**PROBLEM TO SOLVE**: Give back exactly the lines of the entries below from the line with "Қоғамдық саясат институтының" to the line with "百度(du)是(shi)國內", inclusive, and only those.

**DATASET RECORDS**:
%%

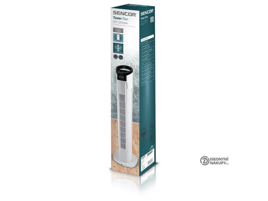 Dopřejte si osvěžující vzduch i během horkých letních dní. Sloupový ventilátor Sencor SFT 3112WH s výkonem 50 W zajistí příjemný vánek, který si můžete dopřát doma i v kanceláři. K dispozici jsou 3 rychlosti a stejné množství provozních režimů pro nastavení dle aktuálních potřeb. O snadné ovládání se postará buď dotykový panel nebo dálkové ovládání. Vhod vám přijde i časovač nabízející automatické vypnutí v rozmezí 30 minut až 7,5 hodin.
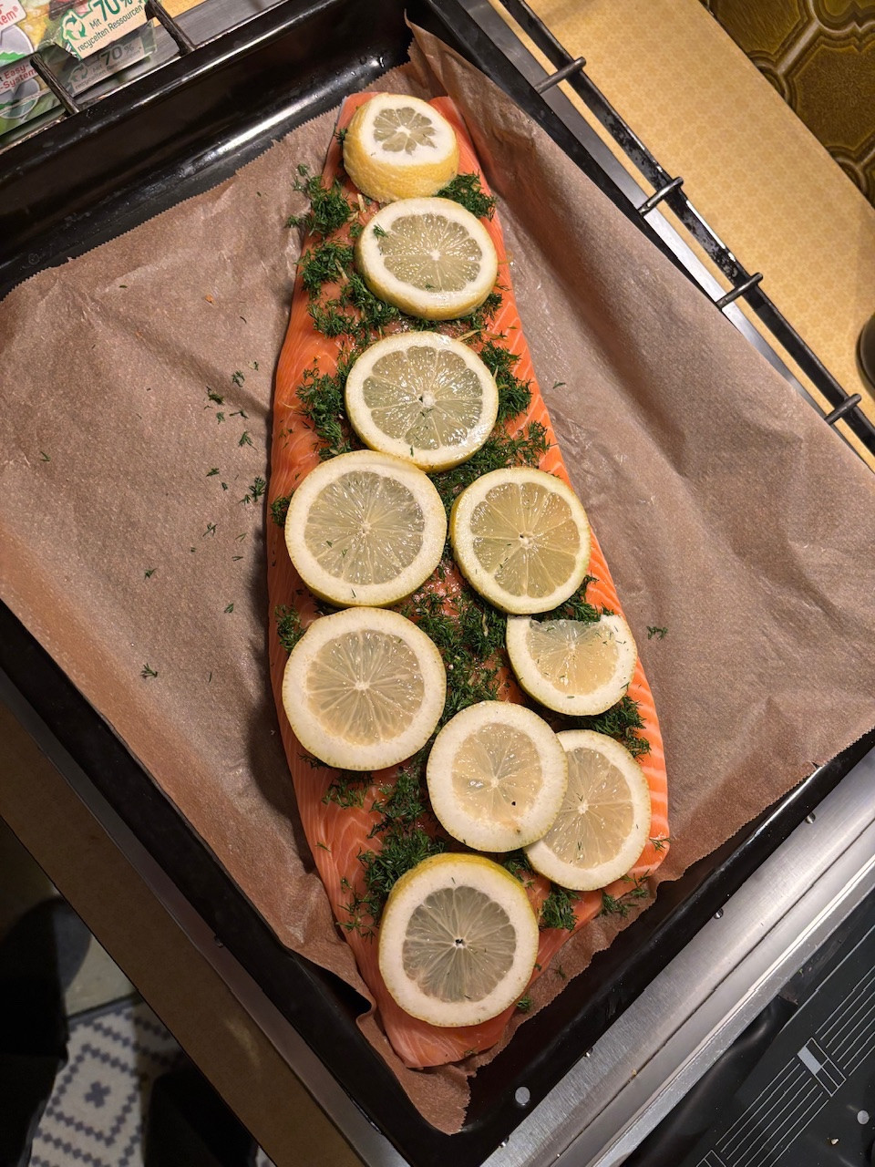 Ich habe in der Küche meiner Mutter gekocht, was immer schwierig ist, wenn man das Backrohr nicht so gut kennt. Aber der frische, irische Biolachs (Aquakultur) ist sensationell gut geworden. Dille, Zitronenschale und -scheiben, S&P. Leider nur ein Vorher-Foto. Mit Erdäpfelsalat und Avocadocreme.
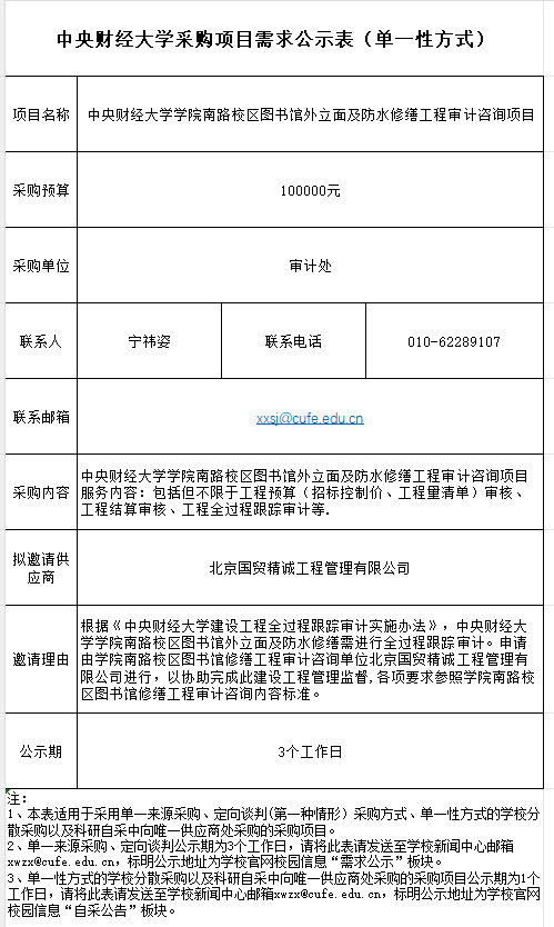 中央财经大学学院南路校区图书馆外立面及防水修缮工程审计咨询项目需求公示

%%
%%

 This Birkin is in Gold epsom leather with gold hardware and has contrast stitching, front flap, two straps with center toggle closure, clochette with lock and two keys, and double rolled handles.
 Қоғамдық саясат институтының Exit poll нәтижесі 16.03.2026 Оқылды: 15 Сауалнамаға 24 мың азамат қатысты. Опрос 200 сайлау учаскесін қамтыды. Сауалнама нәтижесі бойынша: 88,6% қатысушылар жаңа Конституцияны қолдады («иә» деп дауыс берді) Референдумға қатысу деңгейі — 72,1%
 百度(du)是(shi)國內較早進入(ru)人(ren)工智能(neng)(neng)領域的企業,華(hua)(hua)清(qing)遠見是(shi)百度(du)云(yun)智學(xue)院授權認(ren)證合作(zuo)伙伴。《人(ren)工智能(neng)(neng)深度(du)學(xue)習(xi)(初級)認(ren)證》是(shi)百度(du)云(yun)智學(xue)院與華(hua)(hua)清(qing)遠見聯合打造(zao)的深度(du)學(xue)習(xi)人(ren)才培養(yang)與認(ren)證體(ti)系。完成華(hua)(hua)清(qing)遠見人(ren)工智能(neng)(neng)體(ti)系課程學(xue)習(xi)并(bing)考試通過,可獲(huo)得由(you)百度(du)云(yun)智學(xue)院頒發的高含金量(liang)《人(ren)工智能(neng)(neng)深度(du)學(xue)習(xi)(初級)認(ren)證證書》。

%%

**SOLUTION TO THE PROBLEM**:
 Қоғамдық саясат институтының Exit poll нәтижесі 16.03.2026 Оқылды: 15 Сауалнамаға 24 мың азамат қатысты. Опрос 200 сайлау учаскесін қамтыды. Сауалнама нәтижесі бойынша: 88,6% қатысушылар жаңа Конституцияны қолдады («иә» деп дауыс берді) Референдумға қатысу деңгейі — 72,1%
 百度(du)是(shi)國內較早進入(ru)人(ren)工智能(neng)(neng)領域的企業,華(hua)(hua)清(qing)遠見是(shi)百度(du)云(yun)智學(xue)院授權認(ren)證合作(zuo)伙伴。《人(ren)工智能(neng)(neng)深度(du)學(xue)習(xi)(初級)認(ren)證》是(shi)百度(du)云(yun)智學(xue)院與華(hua)(hua)清(qing)遠見聯合打造(zao)的深度(du)學(xue)習(xi)人(ren)才培養(yang)與認(ren)證體(ti)系。完成華(hua)(hua)清(qing)遠見人(ren)工智能(neng)(neng)體(ti)系課程學(xue)習(xi)并(bing)考試通過,可獲(huo)得由(you)百度(du)云(yun)智學(xue)院頒發的高含金量(liang)《人(ren)工智能(neng)(neng)深度(du)學(xue)習(xi)(初級)認(ren)證證書》。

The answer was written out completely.